[[ The data open ]]

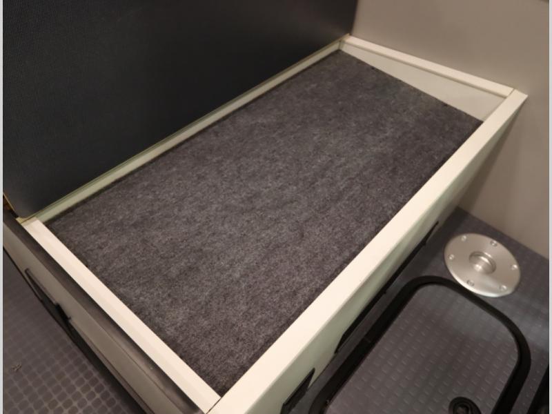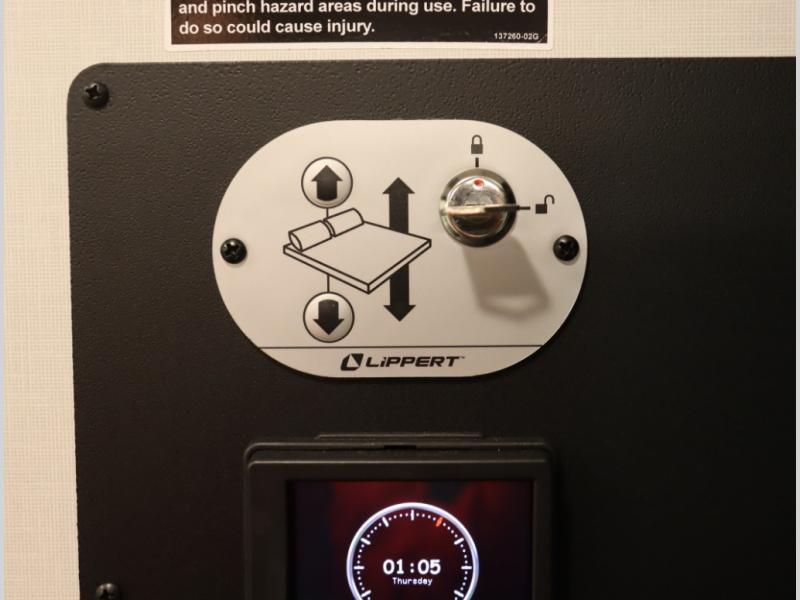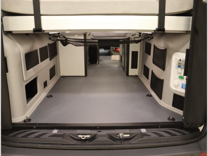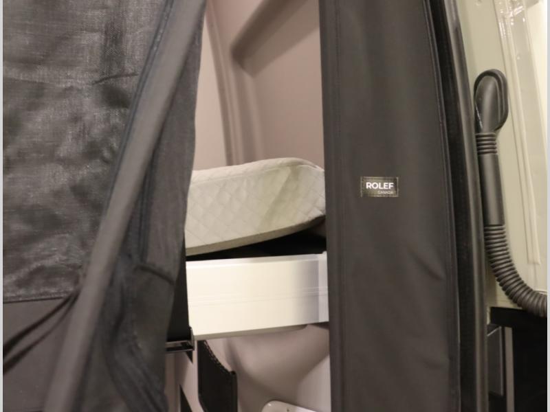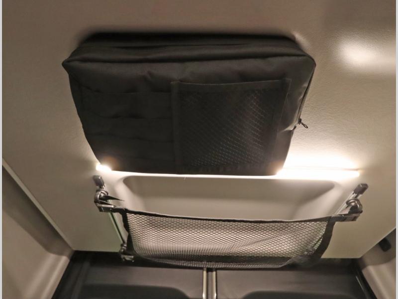 11. Gear Garage maintains the powered drop down bed, and now includes LED lighting under the bed when stored, along with additional storage bags mounted and recessed for even more underbed, ceiling mounted storage solutions
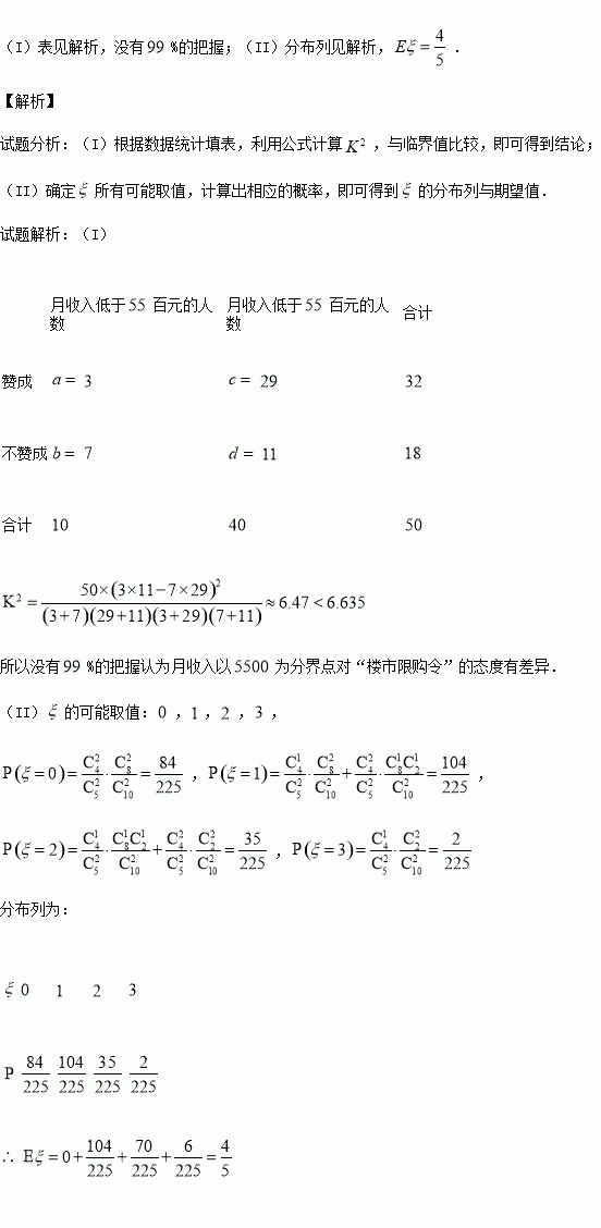 人,他们月收入的频数分布及对“楼市限购令”赞成人数如下表.
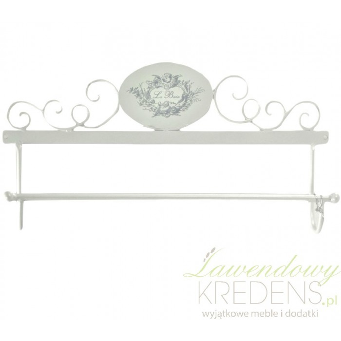Prowansalski wieszak na ręczniki „Le Bain”, wykonany z metalu w jasnym kolorze, pomoże stworzyć wnętrze eleganckie i stylowe. Dekoracyjna forma odpowiednia będzie do wnętrz w stylu francuskim i prowansalskim. Wieszak w stylu prowansalskim pasuje także do tradycyjnych wnętrz w białych kolorach, jak również łazienek w stylu klasycznym, pełnych mozaik i wyrazistych kolorów. Wieszak tworzy pojedynczy pręt, owalna tabliczka z francuskim napisem Le Bain i metalowe, fantazyjnie wygięte dekoracje.
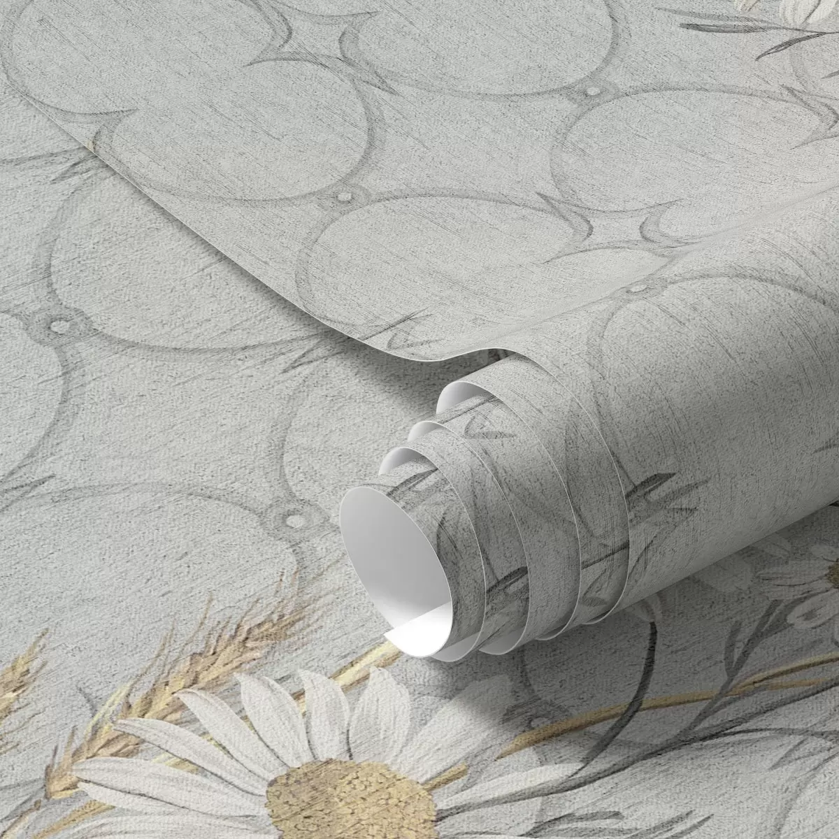 Papel de parede Margaridas em um fundo cinza com padrão geométrico Nr. a00269

[[ The data closed ]]

All the material above should be written out exactly, with images omitted.

Output of the exercise:
 11. Gear Garage maintains the powered drop down bed, and now includes LED lighting under the bed when stored, along with additional storage bags mounted and recessed for even more underbed, ceiling mounted storage solutions
 人,他们月收入的频数分布及对“楼市限购令”赞成人数如下表.
Prowansalski wieszak na ręczniki „Le Bain”, wykonany z metalu w jasnym kolorze, pomoże stworzyć wnętrze eleganckie i stylowe. Dekoracyjna forma odpowiednia będzie do wnętrz w stylu francuskim i prowansalskim. Wieszak w stylu prowansalskim pasuje także do tradycyjnych wnętrz w białych kolorach, jak również łazienek w stylu klasycznym, pełnych mozaik i wyrazistych kolorów. Wieszak tworzy pojedynczy pręt, owalna tabliczka z francuskim napisem Le Bain i metalowe, fantazyjnie wygięte dekoracje.
 Papel de parede Margaridas em um fundo cinza com padrão geométrico Nr. a00269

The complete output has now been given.